そのため、台湾での排水性・通気性・透水性の改良には、日本から輸入した黒曜石パーライトを用いています。日本から輸入された材料は船運賃や関税で高価なものになってしまいますが、それでも昨今の円安で1年前に比べると20%以上安くなり助かっています。
■台湾で入手可能な有機質土壌改良材
有機質土壌改良材は台湾にも多く存在します。しかし、日本で一般的なバーク堆肥は存在するものの一般的ではありません。台湾で幾つかの有機質土壌改良材を調べましたので、次表に示します。
製造されている製品の大半はサトウキビ粕や木屑に食品残渣を混合して作られています。混合されているものは多岐に渡り、産廃にまわされた残渣を用いていると思われます。

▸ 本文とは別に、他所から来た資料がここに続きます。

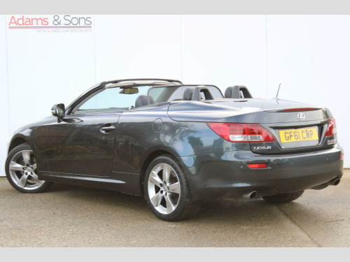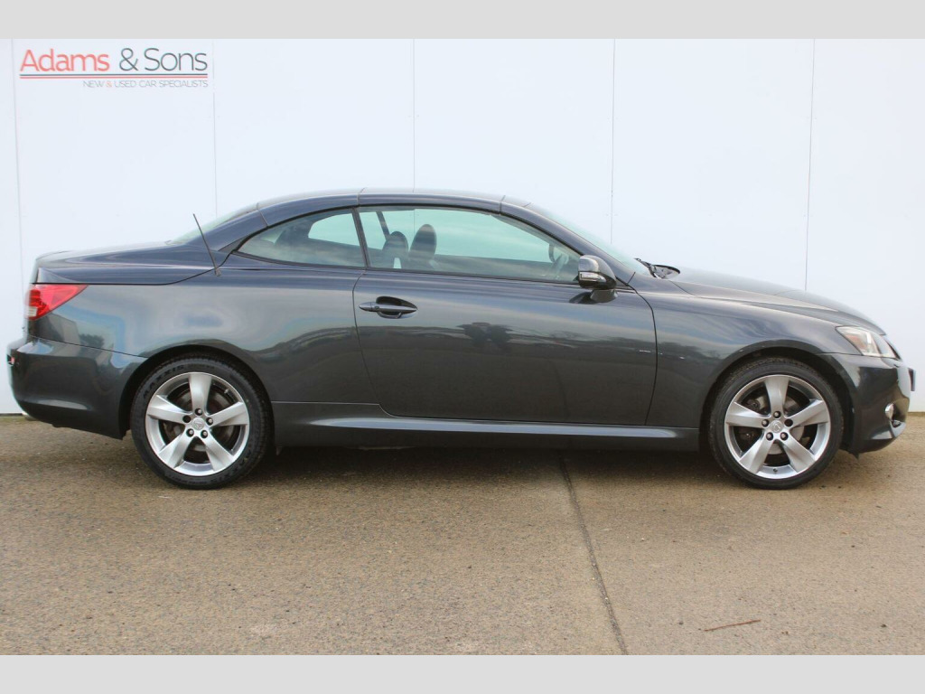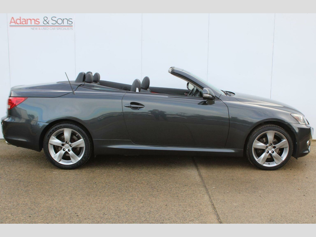 Fantastic specification example of this super rare 2011 (61 plate registered) Lexus IS250 2.5 V6 automatic cabriolet. Very good looking car finished in striking Smoky Granite Mica Grey against contrasting red and black heated/cooled leather interior. This particular low mileage for the year IS250 benefits from a fully documented Lexus main dealer service history record from new containing 11 services matched to both keys really honours the provenance of this two owner car from new. Specification includes optional Red /Black leather interior, electric memory seats, Satellite navigation, bluetooth telephone, rear parking camera, keyless entry, automatic headlights, automatic wipers and metallic paint. A fantastic opportunity to own a hard to find hard top convertible with Lexus refinement and equipment. Low rate hire purchase /PCP funding plans available upon request (subject to applicant credit score). Here at Adams and sons we do not charge any dealer administration fees and pride ourselves on paramount customer service. Adams & Sons make every effort to ensure vehicle details on this listing are correct. However, the vehicle specifications can sometimes differ from that shown. Please satisfy yourself that a vehicle has a specific feature that is important to you before purchasing. Our staff will be happy to assist you.

残念ながら台湾各地から取り寄せた堆肥の半分近くは、悪臭がきつくベトつくなど、堆肥として未熟なものでした。品質は安定せず熟度の低い堆肥が結構市場に出回っているようです。上記表の堆肥はそれらの中から比較的良さそうなものを選択し分析値を比較したものです。表に記載したものは概ね乾燥し悪臭はしないものの、堆肥の品質基準で用いられるC/Nは全般的に高い値を示しています。ですから台湾で良質な有機質堆肥を入手するのは結構苦労するかも知れません。まずは堆肥の良し悪しを判別できる目を養う必要がありそうです。
頻繁に耕す畑ならまだしも、加湿地で通気不良の植栽現場に有機質堆肥を用いるには十分な注意が必要です。熟度が低い未熟な堆肥を加湿地に混合すると、少ない土中内酸素を奪い取り、ますます樹木の根が呼吸できなくなり根腐れを起こしてしまいます。また未熟有機物の分解過程で、周辺土壌から樹木の主要分である窒素も奪い取り、窒素飢餓に陥る場合があります。そのような事から有機物堆肥は加湿地の土壌改良には適さないとも言えるでしょう。

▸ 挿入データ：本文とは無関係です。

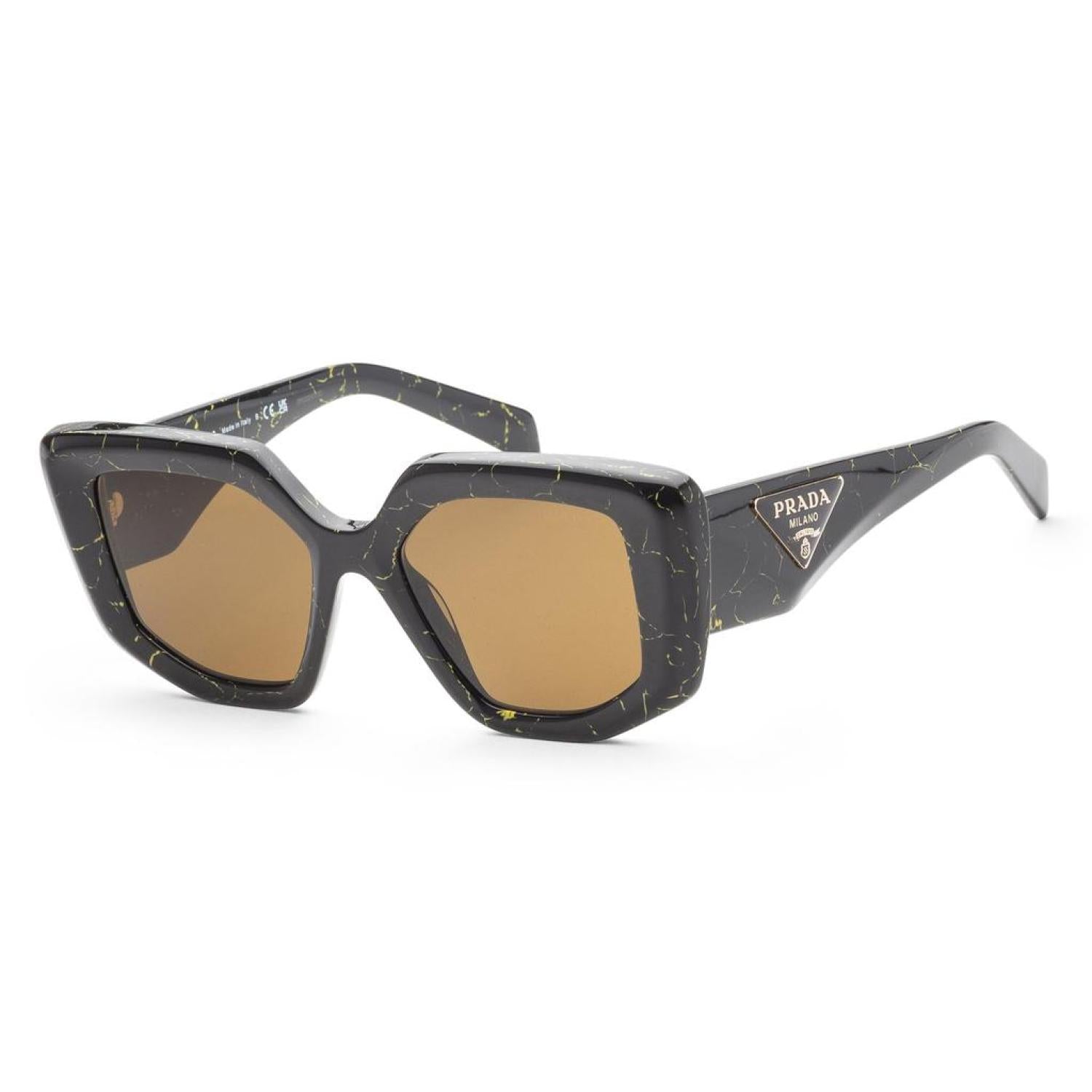 Dimensions - 50 mm x 18 mm x 140 mm. The frame is acetate geometric shape. The lenses are dark brown and the frame is black/yellow marble. (PR-14ZS-19D01T)

そこで私は有機堆肥を用いる場合は、極力、輸入品のピートモスを用いるようにしています。ピートモスはカナダやロシアや北欧から輸入されています。椰子の実から取れるココピートもスリランカなどから輸入されていますが、自然熟成したピートモスの方が加湿地では安心と考えています。
以上のように台湾で土壌改良を行うとすると資材調達に困るのが実情です。今後は自らが良質な土壌改良材を台湾で作っていき、台湾の植栽技術の向上を図ると共に、都市の環境改善に少しでも貢献できればと考えているところです。
5回に渡り「ネバネバ・カチカチの台湾土壌」と題して記してきました。もし、台湾で樹木にまつわる仕事をすることがあれば、台湾の土壌特性を理解した上で臨んでいただければ、またこの連載に記してあることが少しでもお役に立てればと願う次第です。